Objective: Pediatric Veno-Arterial Extra Corporeal Membrane Oxygenation (VA ECMO) is a life saving technology associated with high mortality. A successful VA ECMO course requires attention to multiple aspects of patient care, including ECMO and patient parameters. Early, potentially modifiable, risk factors associated with patient mortality should be analyzed and adjusted for when assessing VA ECMO risk profiles. Method: Retrospective single center experience of pediatric patients requiring VA ECMO from January 2021 to October 2023. Laboratory and ECMO flow parameters were extracted from the patients record and analyzed. Risk factors were analyzed using a Cox proportion hazard regression Main Results: There were 45 patients studied.
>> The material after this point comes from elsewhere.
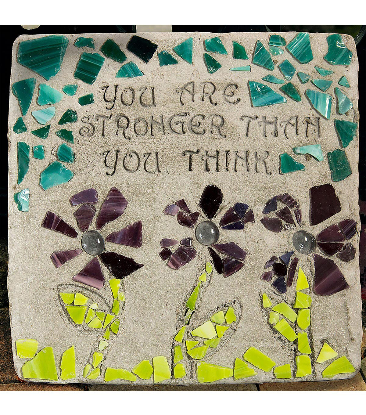 Add inspiration to any garden with this charming mosaic stone. Finished dimensions are approximately 12'' x 12''.

Overall survival was 51%. Upon uncorrected analysis there were no significant differences between the patients who survived and those who died. Utilizing a Cox proportion hazard regression, platelet count, fibrinogen level and creatine level were significant risk factors within the first twenty-four hours of a patient?s ECMO course. Significance: Although we did not find a significant difference among ECMO flow parameters in this study, this work highlights that granular ECMO flow data can be incorporated to risk analysis profiles and potential modeling in pediatric VA ECMO. This study demonstrated, that when controlling for ECMO flow parameters, kidney dysfunction and clotting regulation remain key risk factors for pediatric VA ECMO mortality.

The authors have declared no competing interest.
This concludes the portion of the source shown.